Is vector space a field? And what are: Groups / Rings / Fields / Vector Spaces?

Quote from Lecture 3, 6.S897 Algebra and Computation by Madhu Sudan, MIT:

Suppose we have a vector space $(V,+,\circ)$ where:

• $V$ is a set of vectors
• $+$ is vector addition operator: $V \times V \mapsto V$
  • E.g. $\vec a + \vec b = \vec c$
• $\circ$ is vector scaling operator: $F \times V \mapsto V$
  • E.g. $c \circ \vec v = \vec u$

Note that, dot product $\cdot$ and cross product $\times$ are NOT part of the vector space definition!
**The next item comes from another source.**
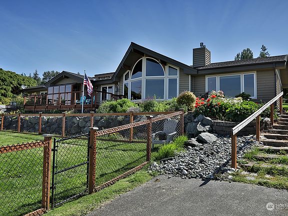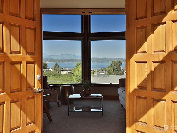 Sweeping, panoramic views of Olympic Mtn range, shipping lanes & Bush Point from this beautiful home. Classic Lindal Cedar home is well maintained and situated on a combined double lot. 2 BR, 1.75 BA plus bonus shower & utility sink in laundry room. Beautiful cook's kitchen offers a spacious island, 6 burner gas stove, mixer lift, Canyon Creek cabinets & sunroom to enjoy the views! Oversized three car garage. Entertainment sized deck enjoys the scenery & mature landscape. Plus a fenced dog run & additional paved off street parking for guests or toys. New owners will enjoy heated cherry wood floors, kitchen w updates, California closets, 100 yr/old fireplace mantle and of course, the amazing view! ADDITIONAL BUILDABLE LOT INCLUDED!

We don’t have to follow the notation in the note above, so, taking the definition of Rings, we have

• Case 1: $(V, +)$ corresponds to $(R, +)$ and $(V, \circ)$ to $(R, \cdot)$
  • OR
• Case 2: $(V, +)$ corresponds to $(R, \cdot)$ and $(V, \circ)$ to $(R, +)$

Case 1:

• $(V, +)$ is an Abelian group. (satisfies condition 1)
• $(V, \circ)$ is NOT a monoid. (fails condition 2)

Case 2:

• $(V, \circ)$ is NOT a monoid. (fails condition 1)

So a vector space is not even a ring. Of course it cannot be a field.

A side dish of this post is that we now know $(V, +)$ is an Abelian group.